:: Exercise data ::
☆ ☆ ☆ ☆
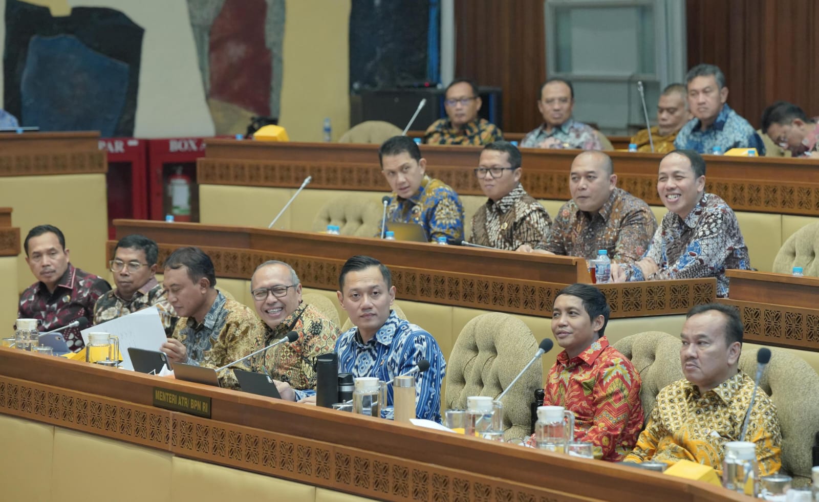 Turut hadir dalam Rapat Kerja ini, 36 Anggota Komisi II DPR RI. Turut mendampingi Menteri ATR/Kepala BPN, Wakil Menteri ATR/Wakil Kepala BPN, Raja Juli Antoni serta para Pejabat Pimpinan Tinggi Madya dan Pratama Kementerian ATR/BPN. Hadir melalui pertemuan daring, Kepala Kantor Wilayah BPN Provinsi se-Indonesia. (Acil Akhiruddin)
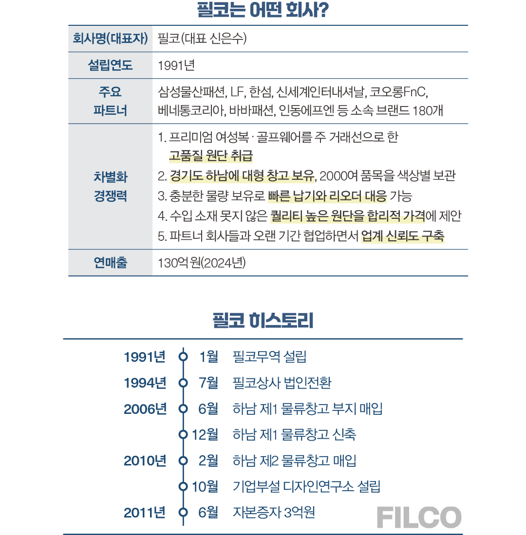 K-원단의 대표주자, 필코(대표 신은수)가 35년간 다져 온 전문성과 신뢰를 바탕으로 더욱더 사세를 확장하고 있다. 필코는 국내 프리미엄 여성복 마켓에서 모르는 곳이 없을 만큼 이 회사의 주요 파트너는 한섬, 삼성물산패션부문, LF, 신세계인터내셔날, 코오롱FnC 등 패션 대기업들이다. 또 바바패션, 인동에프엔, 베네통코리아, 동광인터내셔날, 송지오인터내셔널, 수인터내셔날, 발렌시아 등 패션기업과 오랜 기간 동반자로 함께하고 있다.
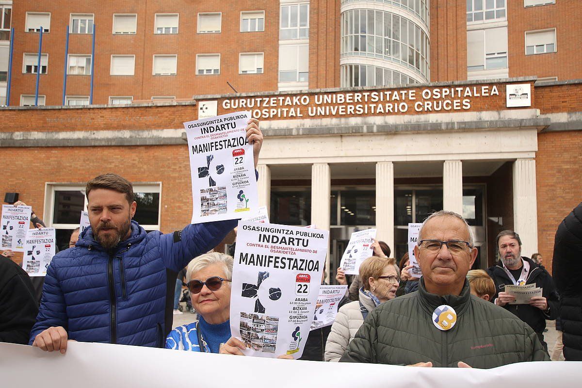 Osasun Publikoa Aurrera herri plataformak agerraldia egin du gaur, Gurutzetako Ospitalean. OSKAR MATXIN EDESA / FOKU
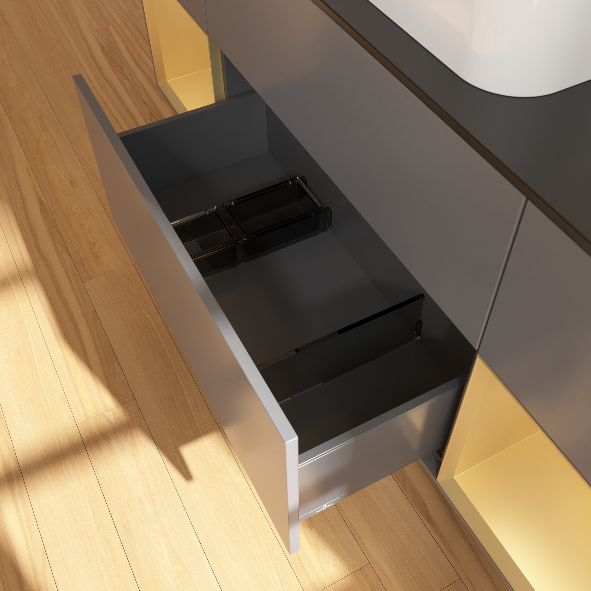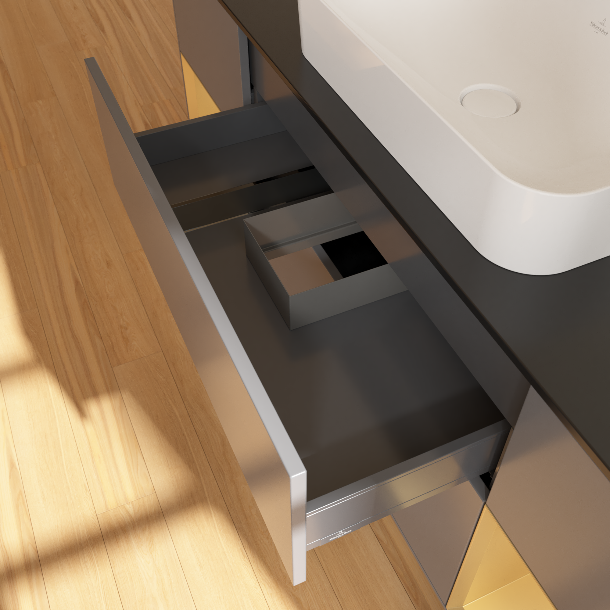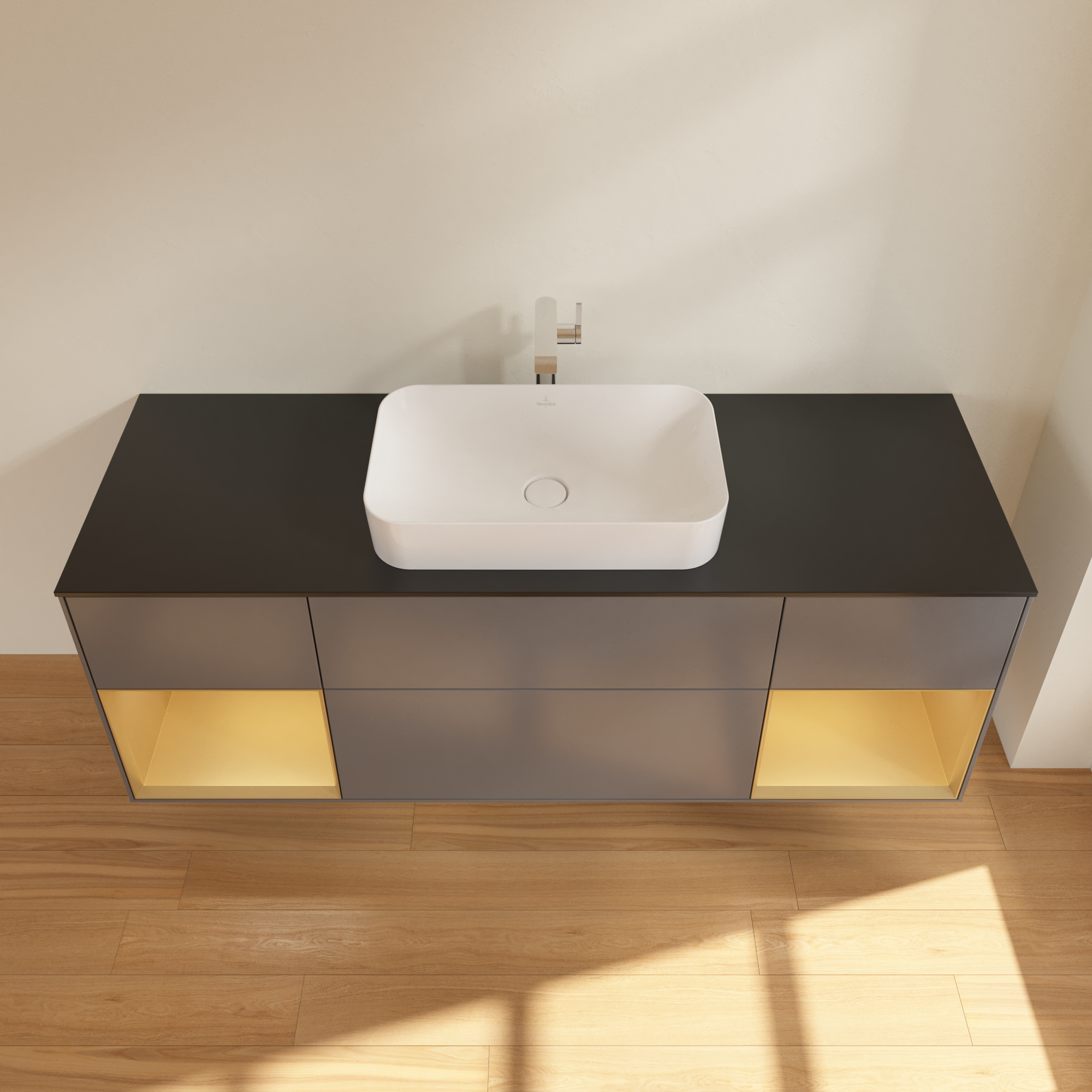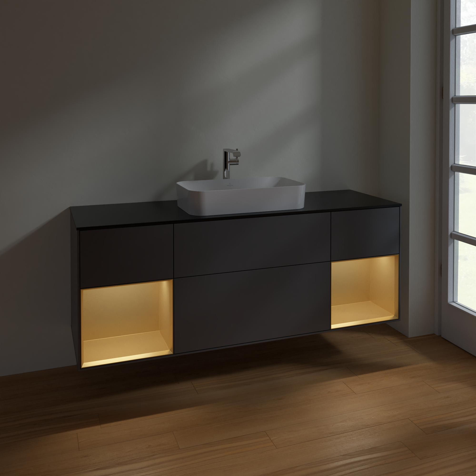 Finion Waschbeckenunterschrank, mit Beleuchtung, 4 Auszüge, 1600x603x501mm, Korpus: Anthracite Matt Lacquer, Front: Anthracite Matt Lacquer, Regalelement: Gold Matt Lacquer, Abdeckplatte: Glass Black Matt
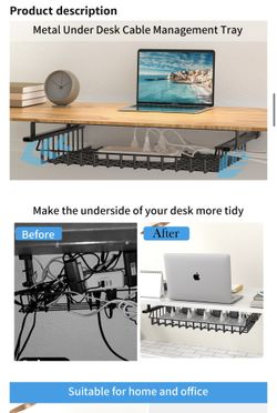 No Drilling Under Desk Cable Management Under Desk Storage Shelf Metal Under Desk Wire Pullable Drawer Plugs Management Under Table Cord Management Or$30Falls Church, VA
☆ ☆ ☆ ☆
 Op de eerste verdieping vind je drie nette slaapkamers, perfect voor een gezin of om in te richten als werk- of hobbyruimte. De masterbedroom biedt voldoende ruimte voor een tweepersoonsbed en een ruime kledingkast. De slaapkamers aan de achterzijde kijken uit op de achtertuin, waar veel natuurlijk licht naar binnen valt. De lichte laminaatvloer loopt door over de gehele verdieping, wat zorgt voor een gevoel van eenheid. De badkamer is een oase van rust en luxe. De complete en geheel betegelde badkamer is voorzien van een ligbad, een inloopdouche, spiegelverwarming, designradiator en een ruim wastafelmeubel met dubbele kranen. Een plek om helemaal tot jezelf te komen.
☆ ☆ ☆ ☆
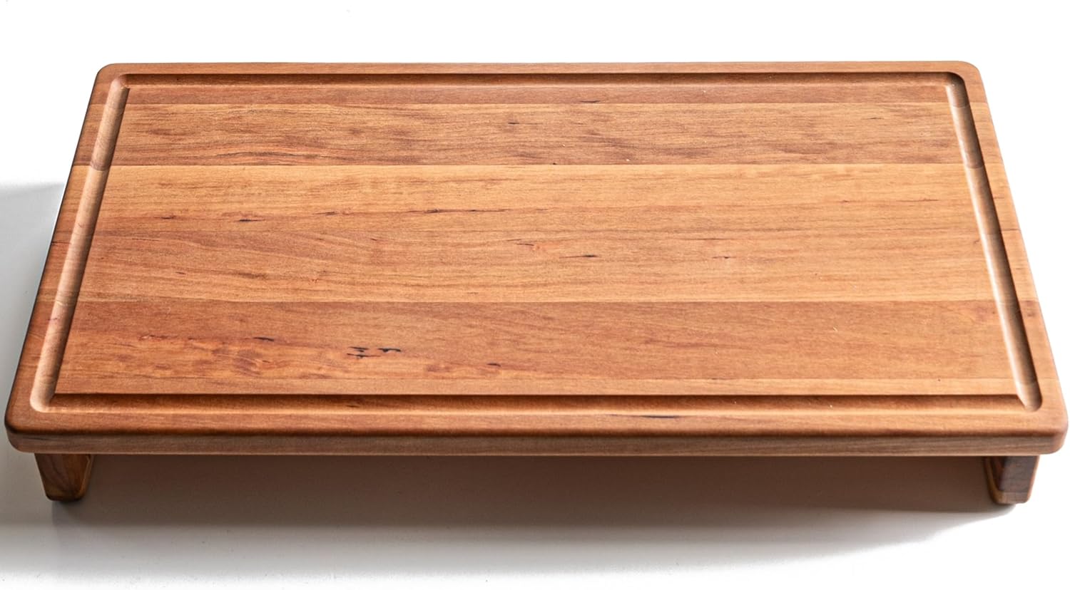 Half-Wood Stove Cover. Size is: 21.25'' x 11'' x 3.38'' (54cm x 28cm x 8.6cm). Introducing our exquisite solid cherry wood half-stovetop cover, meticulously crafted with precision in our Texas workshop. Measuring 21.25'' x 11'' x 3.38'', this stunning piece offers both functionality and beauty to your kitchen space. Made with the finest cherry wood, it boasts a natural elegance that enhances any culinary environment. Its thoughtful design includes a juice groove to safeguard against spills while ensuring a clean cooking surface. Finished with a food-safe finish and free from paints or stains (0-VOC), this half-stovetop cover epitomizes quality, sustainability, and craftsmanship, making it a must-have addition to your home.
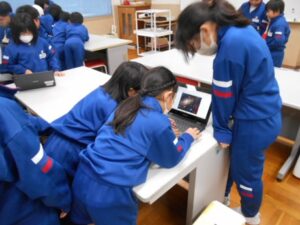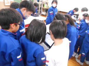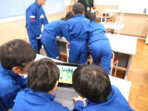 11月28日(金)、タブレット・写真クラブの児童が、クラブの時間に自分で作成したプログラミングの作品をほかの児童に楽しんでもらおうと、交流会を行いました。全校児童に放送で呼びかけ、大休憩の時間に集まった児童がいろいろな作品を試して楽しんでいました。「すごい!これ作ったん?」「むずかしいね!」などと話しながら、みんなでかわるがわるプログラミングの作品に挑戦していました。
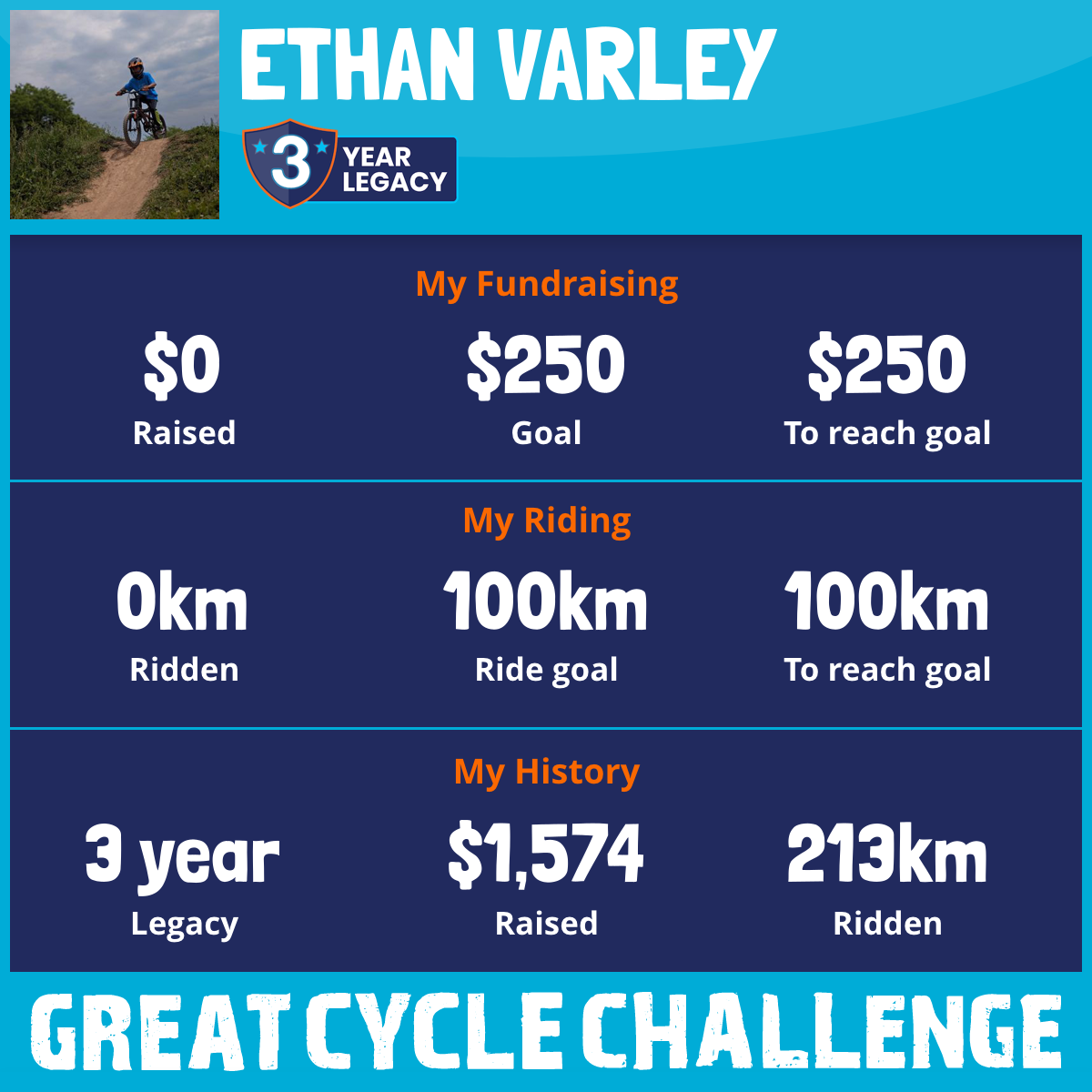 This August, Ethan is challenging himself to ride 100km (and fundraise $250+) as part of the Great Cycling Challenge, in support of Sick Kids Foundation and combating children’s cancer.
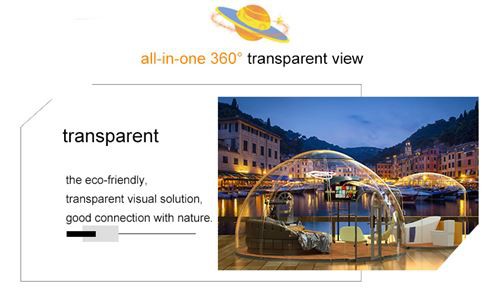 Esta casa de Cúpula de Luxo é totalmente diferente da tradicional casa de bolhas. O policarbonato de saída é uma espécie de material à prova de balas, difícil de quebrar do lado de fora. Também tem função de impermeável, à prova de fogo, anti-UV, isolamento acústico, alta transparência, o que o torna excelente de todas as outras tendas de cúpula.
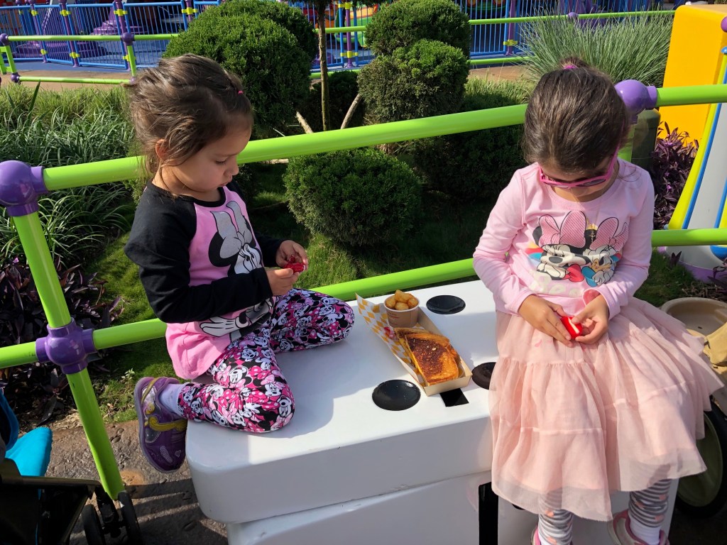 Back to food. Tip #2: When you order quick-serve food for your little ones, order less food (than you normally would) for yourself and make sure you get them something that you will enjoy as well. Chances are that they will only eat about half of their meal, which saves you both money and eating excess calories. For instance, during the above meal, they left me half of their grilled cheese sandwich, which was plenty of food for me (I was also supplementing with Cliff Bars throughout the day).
☆ ☆ ☆ ☆
:: Exercise details ::
Extract the part of the records that opens with the line containing "11月28日(金)、タブレッ" and closes with the line containing "Back to food.". Take only those lines, exactly, and no pictures.

:: Result for this task ::
 11月28日(金)、タブレット・写真クラブの児童が、クラブの時間に自分で作成したプログラミングの作品をほかの児童に楽しんでもらおうと、交流会を行いました。全校児童に放送で呼びかけ、大休憩の時間に集まった児童がいろいろな作品を試して楽しんでいました。「すごい!これ作ったん?」「むずかしいね!」などと話しながら、みんなでかわるがわるプログラミングの作品に挑戦していました。
 This August, Ethan is challenging himself to ride 100km (and fundraise $250+) as part of the Great Cycling Challenge, in support of Sick Kids Foundation and combating children’s cancer.
 Esta casa de Cúpula de Luxo é totalmente diferente da tradicional casa de bolhas. O policarbonato de saída é uma espécie de material à prova de balas, difícil de quebrar do lado de fora. Também tem função de impermeável, à prova de fogo, anti-UV, isolamento acústico, alta transparência, o que o torna excelente de todas as outras tendas de cúpula.
 Back to food. Tip #2: When you order quick-serve food for your little ones, order less food (than you normally would) for yourself and make sure you get them something that you will enjoy as well. Chances are that they will only eat about half of their meal, which saves you both money and eating excess calories. For instance, during the above meal, they left me half of their grilled cheese sandwich, which was plenty of food for me (I was also supplementing with Cliff Bars throughout the day).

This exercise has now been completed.